この地域は、中国や朝鮮半島の貿易が盛んだっただめ、国人衆と言えど高い経済力・軍事力を持っていた勢力が多かったのも背景にあるようです。
大友氏と毛利氏の対立が決定的になったのが、元少弐家の配下・秋月氏が毛利氏を頼りり、大友氏討伐の支援を要請したことが発端となりました。1559年、秋月氏の要請を大義名分とし、毛利元就は九州と中国地方の間の関門海峡の城・門司城を大軍を持って攻撃し占領します。
毛利との対話の中で、北九州の権利は自分の物と思い込んでいた大友義鎮は、毛利の侵攻に虚を突かれました。
大友義鎮もすぐに軍勢を集め、大軍で自ら門司城奪還に向かいます。しかし、毛利家の乃美宗勝や小早川隆景と村上水軍の活躍により敗退し、大友義鎮の門司城の奪還は失敗に終わりました。
毛利軍は、退却中の大友軍を先回りし追撃すると大友軍は大被害を被ってしまいました。この戦いは門司合戦と呼ばれ、大敗のショックで大友義鎮は、出家し宗麟と名乗ります。
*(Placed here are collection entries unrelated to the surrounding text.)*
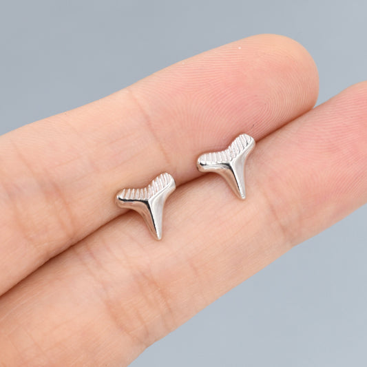 Shark Tooth Design Stud Earrings in Sterling Silver, Silver or Gold, Shark Tooth Shape Earrings, Animal Earrings, Nature Inspired
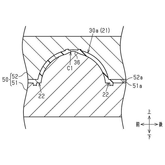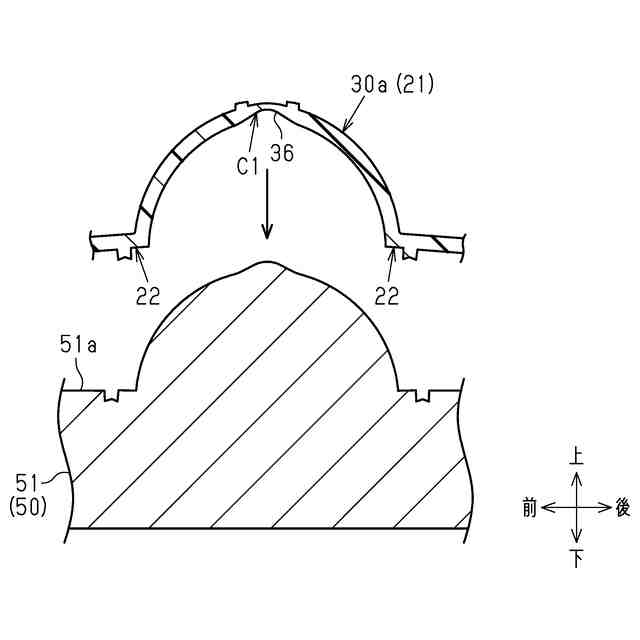 すなわち、円筒状のリンフォースメントメンバーを周方向に分割すると、各分割体の断面形状は弧状に湾曲した形状となる。このため、樹脂材料により成形された各分割体が成形型から取り出された後、冷却されると、各分割体には、周方向における中央部を中心に、周方向における端部同士が互いに近づくような変形が生じやすい。その結果、リンフォースメントメンバーを形成する際に、複数の分割体同士の接合箇所の位置ずれが生じることで、分割体同士の組付けが困難となるおそれがある。
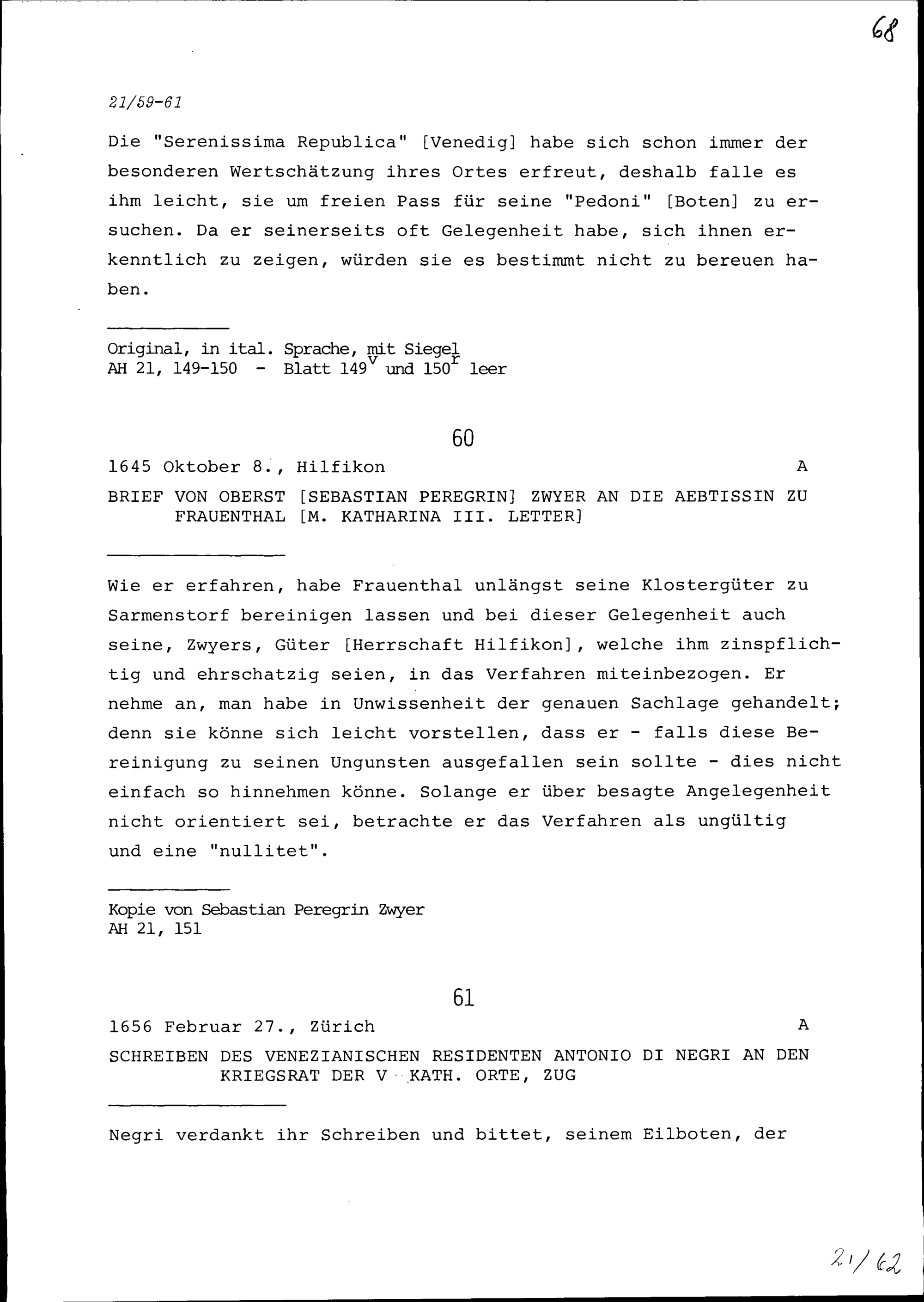 Schreiben von Antonio di Negri, Resident von Venedig, an Ammann und Rat von Stadt...

門司合戦で毛利元就に負けてしまった大友宗麟は策を講じます。
将軍・足利義輝に献金しつつ、毛利家の非道を訴え、幕府による和睦の仲介を取り付ける一方で、毛利氏の中国地方のライバル尼子氏に、打倒毛利の連携を申し出ます。
この動きに対して毛利元就は、単独で大友家と和平交渉を進めようとしますが、尼子氏はそれに反発して交渉の引き延ばし図り交渉は難航し数年もつづきました。
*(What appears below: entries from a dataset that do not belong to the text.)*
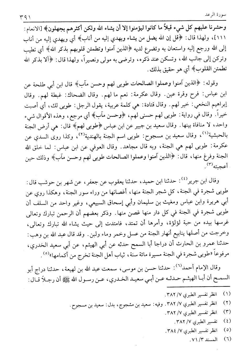 طُوبَى شَجَرَةٌ فِي الْجَنَّةِ، كُلُّ شَجَرِ الْجَنَّةِ مِنْهَا، أَغْصَانُهَا مِنْ وَرَاءِ سُورِ الْجَنَّةِ، وَهَكَذَا رُوِيَ عَنْ أَبِي هُرَيْرَةَ وَابْنِ عَبَّاسٍ وَمُغِيثِ بن سليمان وَأَبِي إِسْحَاقَ السَّبِيعِيِّ، وَغَيْرِ وَاحِدٍ مِنَ السَّلَفِ أَنَّ طُوبَى شَجَرَةٌ فِي الْجَنَّةِ فِي كُلِّ دَارٍ مِنْهَا غُصْنٌ مِنْهَا. وَذَكَرَ بَعْضُهُمْ أَنَّ الرَّحْمَنَ تَبَارَكَ وَتَعَالَى غَرَسَهَا بِيَدِهِ مِنْ حَبَّةِ لُؤْلُؤَةٍ، وَأَمَرَهَا أَنْ تَمْتَدَّ، فَامْتَدَّتْ إِلَى حَيْثُ يَشَاءُ اللَّهُ تَبَارَكَ وَتَعَالَى، وَخَرَجَتْ مِنْ أَصْلِهَا يَنَابِيعُ أَنْهَارِ الْجَنَّةِ مِنْ عَسَلٍ وَخَمْرٍ وَمَاءٍ وَلَبَنٍ. وَقَدْ قَالَ عَبْدُ اللَّهِ بْنُ وَهْبٍ:
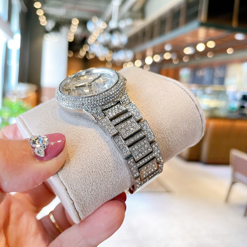 - Mặt đồng hồ size 33mm lên tay cực xinh cho các chị em, được thiết kế full đá cực sáng
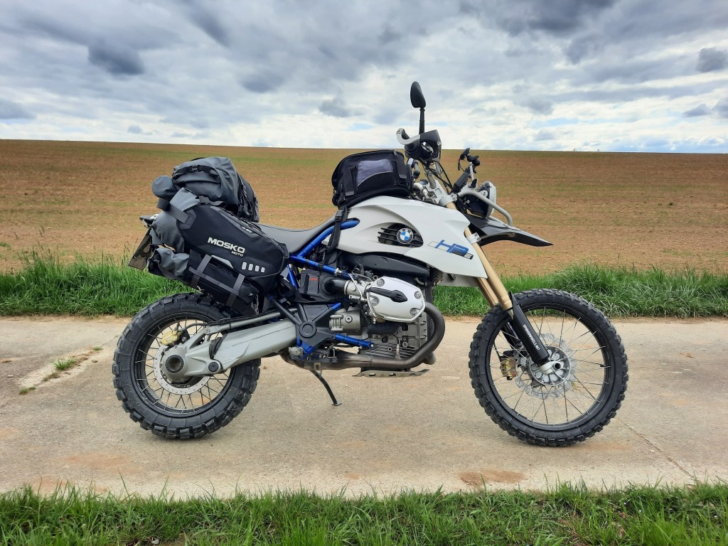 Für eine anstehende Dienstreise war das wichtigste jedoch, ein passendes Gepäcksystem zu finden. Und damit verbunden die Frage: Reicht das Reckless 40 von Mosko Moto, oder muss es das 80er sein? Da ich meine komplette Campingausrüstung (inklusive „Luxusgegenstände“ wie Kochtopf und Bialetti) und meine Fotoausrüstung dabei haben will, kam ich nicht um das 80er herum. Das passt aber ganz gut, und mit ein paar Komforteinbußen habe ich auch alles unterbekommen. Nur, dass halt jetzt alles auf sechs Taschen aufgeteilt ist, anstatt in zwei Koffern und einer Gepäckrolle. Aber das wird sich erfahrungsgemäß unterwegs sowieso nochmal ändern.
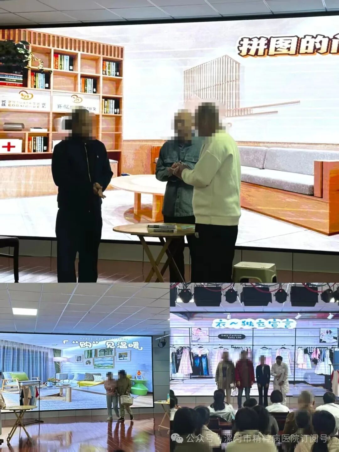 本次大賽共有來自各個病區(qū)的6支患者代表隊(duì)參賽,通過抽簽確定出場順序,各參賽隊(duì)伍圍繞大賽主題展開角逐。心身醫(yī)學(xué)科《“借”與“不借”的友好藝術(shù)》、精一科《鄰里的微光》、精四科《“購”見溫暖》、精六科《拼圖的問候》等作品中,展現(xiàn)出了精神障礙患者扎實(shí)的康復(fù)訓(xùn)練成果。評委從表達(dá)、協(xié)作、溝通技巧等進(jìn)行綜合評分,分別評出一等獎、二等獎、三等級及優(yōu)秀獎。

1564年にやっと、毛利氏の北九州での占領地を大友氏に返還する事で和睦が成立し、毛利氏は尼子氏、大友氏は九州制圧に専念する事ができるのでした。
薩摩国の動乱
その頃、南九州の薩摩では、島津氏が台頭していました。
この島津氏は元々、南九州を治める薩摩守護の名家でした。
しかし、戦国時代に入ると南九州の各地で国人領主が台頭し、本家の島津氏の力は完全に衰えていました。そこで、義久の祖父・島津日新斎は分家の身分ではありましたが、武将としての評価が高く衰退していた島津氏の復興を期待され、本家の跡を継ぐことになります。
1543年に、島津氏を運命を大きく変えるイベントが起きました。
【鉄砲】の伝来です。
種子島に漂着したポルトガル人が持っていた鉄砲を、種子島時尭が大金をはたいて購入し、これが薩摩にも伝わり急速に実用化されたのです。
1554年頃に薩摩国内で起こった島津氏の家督争いでは、すでに鉄砲の撃ち合いが起こっていたようで、島津氏が戦国時代の大名家の中でも、もっとも早く鉄砲を使った戦いを行っていました。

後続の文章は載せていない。